The two voluntary organisations encourage decision makers to fully roll-out the national electronic patient health records for primary care and to improve communication between primary and secondary care by investing in the digital interfaces needed to put all patient information from different medical branches available online.

They also request a route for all family doctors to be able to apply for free (Schedule V) medication on behalf of their patients; to make more investigations available to all family doctors and to make permanent the shortcuts to bureaucratic triangulations that worked so well during the last months. All the above would improve the patient experience of the health service. They would decrease the number of stops needed and days taken off work to access health services.

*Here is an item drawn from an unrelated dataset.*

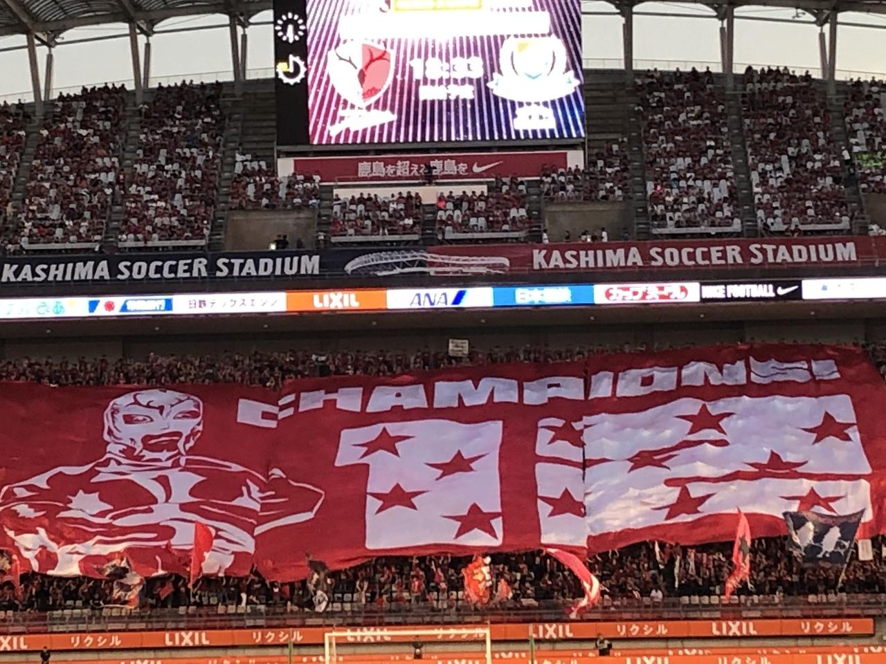 昨年から、試合前の鹿島のビッグフラッグが変わったんですよね。

They would also decrease costs of hospital consultations, as well as allowing the hospital consultants to focus on the more needy cases. The MCFD and APFD encourage decision makers to invest in the participation of Family Doctors in the prevention of cancer, to complement the massive investment made in the past years in screening, early diagnosis, treatment and hospital management. Finally, the two Voluntary Organisations urge decision makers to create a research fund for primary care that includes research into the prevention of cancer in its broad sense.

The Malta College of Family Doctors (MCFD) is a Voluntary Organisation (VO/0973) that strives to improve the academic and clinical performance of family doctors (known as “ittobba tal-familja” or “general practitioners”) and the standards of primary health care in our country.

The Association of Private Family Doctors (APFD) is a Voluntary Organisation (VO/1803) that strives to improve family medicine and primary health care in our country on behalf of the private family doctors (known as “it-tobba tal-familja” or “general practitioners”) and their patients.